Onus on Church to report abuse charges: RCMP

The removal of a P.E.I. priest over allegations of abuse have raised police concerns about not being informed by Catholic Church authorities, and triggered questions about the Church investigating serious charges on its own.

"We have not been contacted in any way shape or form by Church officials or anyone to make a complaint about the allegations against (this priest)," said RCMP Sgt. Jacques Morneau of the Deer Lake, N.L., detachment. "All we know is what we’re hearing from the media. But if this was serious enough to suspend him we would expect to be contacted."

Rev. George Smith, a parish priest in P.E.I., was removed from his duties after Richard Grecco, the Bishop of the Diocese of Charlottetown, received a call from the Diocese of Corner Brook and Labrador on May 14 about abuse allegations that allegedly occurred while Smith served in Deer Lake between 1986 and 1991.

Grecco told the CBC this week that he did not inquire into the nature of the allegations but followed the diocese’s protocol and removed the priest from his work immediately. He did not know whether police were involved.

"Within 24 hours I had written a letter to Father George telling him about this," Bishop Grecco told the CBC. "That Sunday afternoon that letter was delivered to him. The allegation obviously is from many years ago. The allegation originates in and pertains to the Diocese of Corner Brook and Labrador, not to the Diocese of Charlottetown."

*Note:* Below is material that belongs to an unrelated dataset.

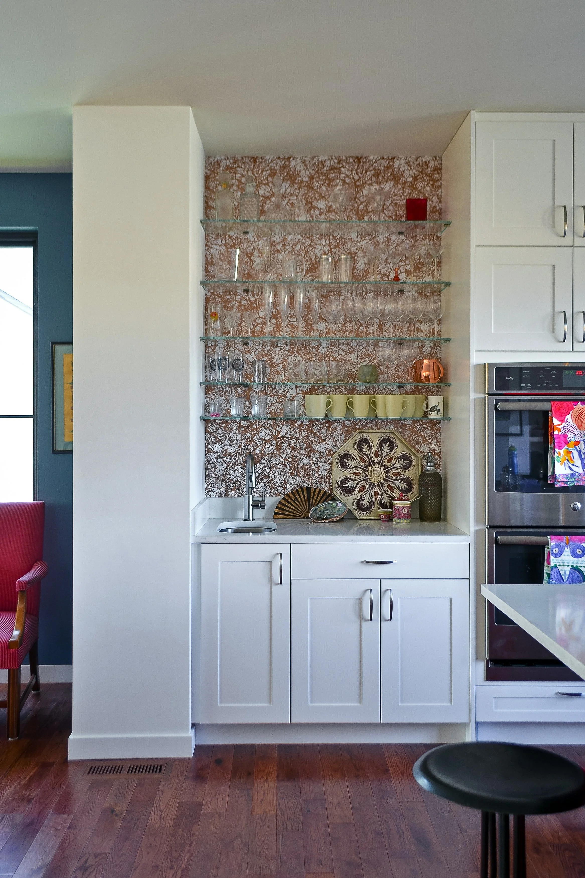 These were the driving priorities behind this whole home rebuild and second floor addition for a family of four. Each space has a purpose designed to accommodate daily life: from the alcove for puzzling and reading to the walls showcasing the client’s artwork to the open kitchen designed for cooking, baking and entertaining. Each family antique and heirloom inhabits a space specifically designed for its use. Each room is a canvas for the clients, infinitely creative people, to furnish and tailor to create functional, vibrant spaces for their family.
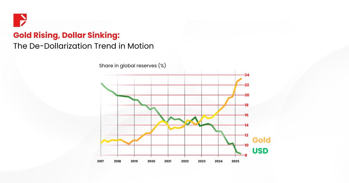 The chart above tells the bigger story: global reserves are shifting. Gold’s share is climbing fast while the dollar’s is in sharp decline. Central banks are diversifying, not just for yield but for safety from dollar-based volatility.

Morneau wondered what the Church will do with the allegations if they do not come to the police. The RCMP would only launch an investigation once a complaint is received, he added.

"I don’t think the Church is equipped to deal with these situations," Morneau said. "The onus is on them to report these things. If it’s illegal and immoral, they have to report this."

He said abuse allegations should not be considered internal business, adding that the Church would not have the investigative experience to carry out a thorough investigation.

"We are all bound by the Criminal Code – and if someone came forward and made an allegation, and they’re aware of the (potential) criminal offence, they should report it.

"They should involve us just to clarify things," Morneau added. "The uncertainty causes more panic. And it’s even unfair to the priest."

Calls to the Diocese of Corner Brook and Labrador were not immediately returned.

Church officials in P.E.I. were not available for comment. Other dioceses – including St. John’s, Edmonton and Toronto, for example – will immediately inform children’s aid authorities or police within an hour of an allegation of abuse against a child. But adult complainants bringing up allegations of abuse from the past must go to the police on their own.

Neil MacCarthy, director of communications for the Archdiocese of Toronto, said the Church will still do its own investigation even if the police are not involved, but said all complainants are urged to go to the police. A spokesman for the Archdiocese of Vancouver said any allegation against a child, whether current or historical, is referred immediately to outside authorities.

"If the allegations relate to abuse of a child we report them to the ministry and the police – this is true whether the allegations are made when the victim is a child or later when the victim is an adult. It is only in cases where the abuse occurs between two adults that we have no legal obligation to report."